I think it depends on the dog. My dad had a Samoyed when I was a baby. When he died, he walked in two circles around the chair my dad was in, laid his head on my dad's lap, and passed.


----------



## msvette2u (Mar 20, 2006)

When dogs feel ill they seek isolation, this is an age old instinct, designed to help keep them away from predators. 
However, I believe our pet dogs like us there, and usually they do _not_ die peacefully at home, or in their sleep.
If it's a bad illness that causes a lot of pain (like cancer), too, they should be "put to sleep" with human intervention, which, of course, requires a human to be present.

This is an excerpt from a tribute I wrote to a long-term foster we had...and tells about how, at the end, my dog lifted his head and gazed into my eyes.

Even the veterinarian was amazed, as he was loosing consciousnesses, that he became almost "hyper aware" and made that final contact with me. It was really beautiful...

_You looked once again into my eyes today as you parted the earth, when your crippled, painful body could contain you no longer, you lifted your head and looked up and gazed deep into my eyes as you left…as if to burn my image into your memory…or perhaps so I could burn yours into mine. I will never forget that last gift you gave me._


----------



## Shade (Feb 20, 2012)

I'm not sure, all the animals I know that have passed naturally have mostly been at night off by themselves or in their sleep. 

I've only euthanized one dog personally and after the sedative he snuggled right into my arms and then passed away. I think he was grateful for me being there with him


----------



## lkellen (Dec 4, 2012)

msvette2u said:


> When dogs feel ill they seek isolation, this is an age old instinct, designed to help keep them away from predators.
> However, I believe our pet dogs like us there, and usually they do _not_ die peacefully at home, or in their sleep.
> If it's a bad illness that causes a lot of pain (like cancer), too, they should be "put to sleep" with human intervention, which, of course, requires a human to be present.
> 
> ...


That is beautiful. And awesome and sad at the same time. 
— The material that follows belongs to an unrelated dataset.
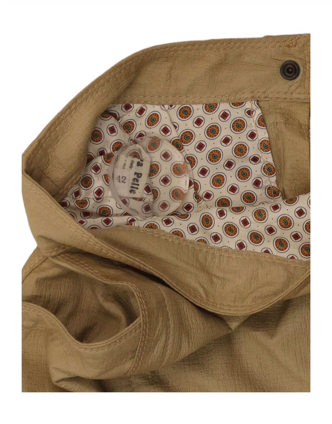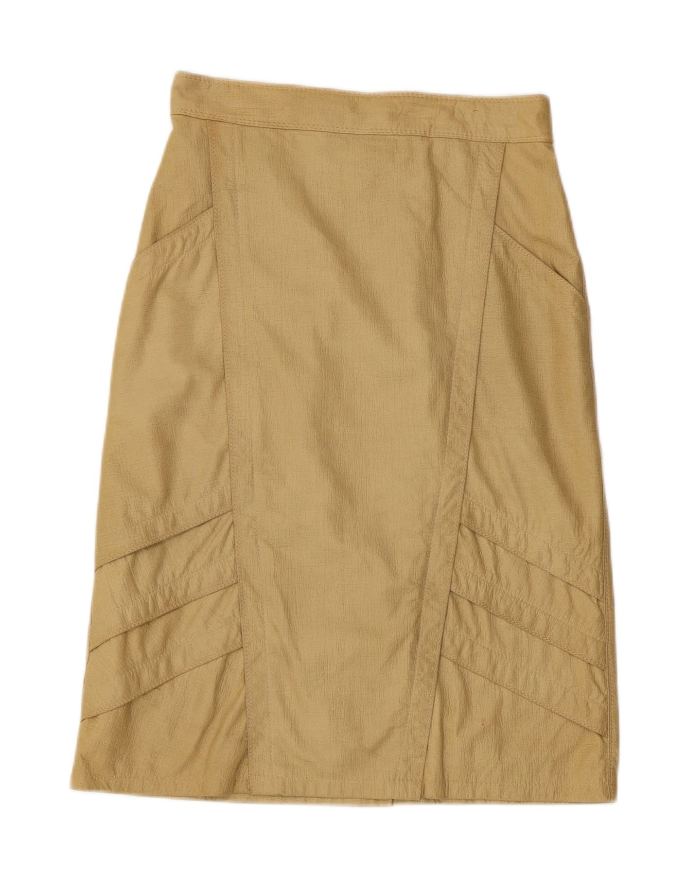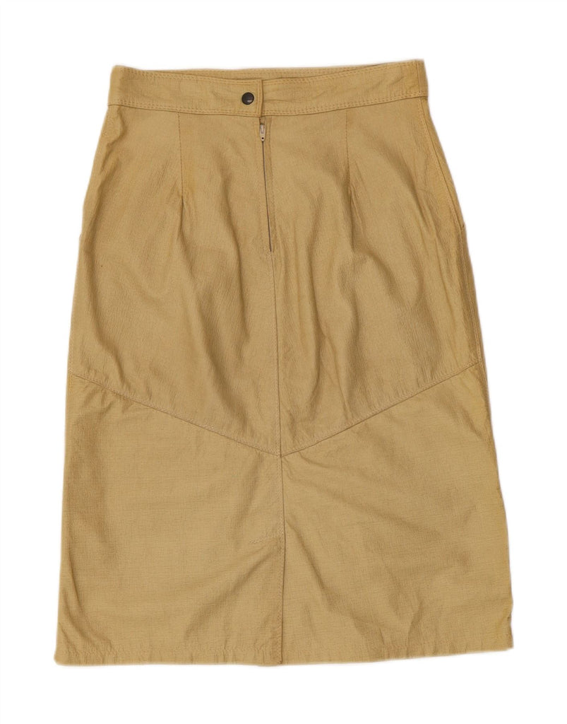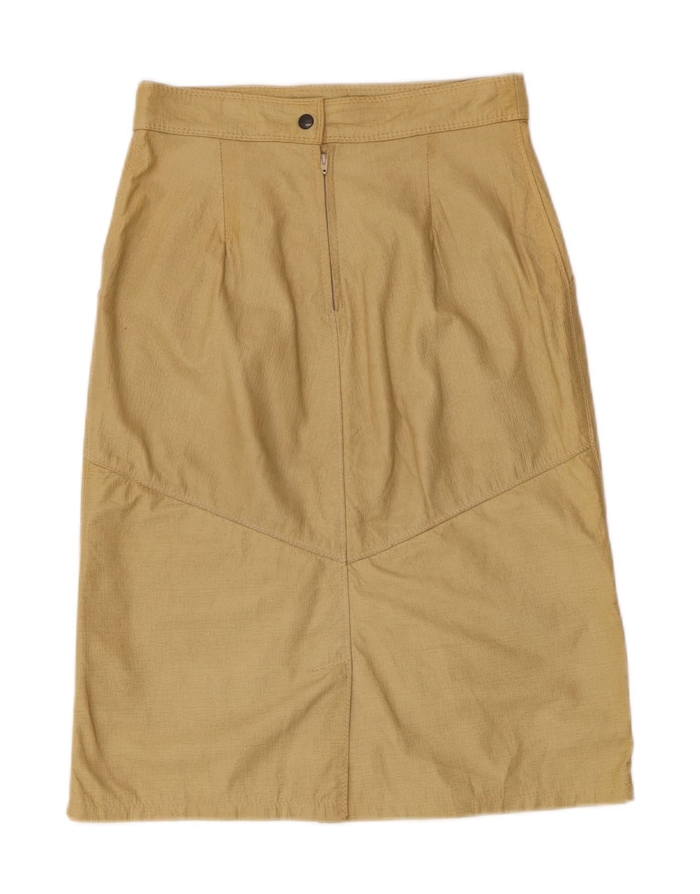 VINTAGE Womens Midi Leather Skirt IT 42 Medium W28 Beige Leather

What I couldn't figure out with Tinker (yes, she had a fun name, but that was what the shelter had her coming to  ) was that she wasn't sick. She did have a fatty tumor, but that was removed years before she died. She was so loved, and you could really&honestly see, she loved everyone in my family so. My dad, more than anyone, I think. Don't know what it is about him, but now all 3 of our dogs have made it a point to seek him out and sneak attack a cuddle session, which he so openly accepts (which is funny since he was the one that was most hard to agree on getting a dog!) 

She was still pretty full of life at 11/12 years old(they weren't completely sure of her age-judged by her teeth) and she never seemed in pain. Although, you could see she was getting older- anytime my mom said "I've got some bad news" I always asked "is it Tinker!?" I was not prepared for the time that she said yes. 

My mom found her, and she and my dad buried her in our backyard and placed a beautiful stone over it. I catch Buddy(our wheaten terrier mix) lounging right next to it or on it every so often. I like to think he knows there was a girl before him that was so loved! But hey, who knows what dogs think, really! 


Sent from my iPhone using Petguide.com Free App


----------



## Wolfgeist (Dec 4, 2010)

Some do, some don't. In the end, death is a very personal and solitary experience. All living things go about it in their own way..


----------



## lkellen (Dec 4, 2012)

Shade said:


> I'm not sure, all the animals I know that have passed naturally have mostly been at night off by themselves or in their sleep.
> 
> I've only euthanized one dog personally and after the sedative he snuggled right into my arms and then passed away. I think he was grateful for me being there with him


That is really sweet.


I already dread the day, and my babe is only 9 months. She is my first dog that i adopted myself without parents. 
When she had parvo at 7 weeks, she screamed and cried when they shaved her leg and stuck a catheter in for the IV fluids, my god, I felt so helpless to her and was crying myself with her and wanted to leave the room. Our wonderful, wonderful vet said "it is so much easier for her fur parents to be in here with her. She would also probably love if you talked to her and held her while this was happening" I realized then that I couldn't show her how upset I was, and needed to show her how much I loved her and was there for her no matter what! She nuzzled into my neck like she always had, and still cried a little bit, but was very, very less visibly distressed. As sad as that moment was for me, I won't forget it! 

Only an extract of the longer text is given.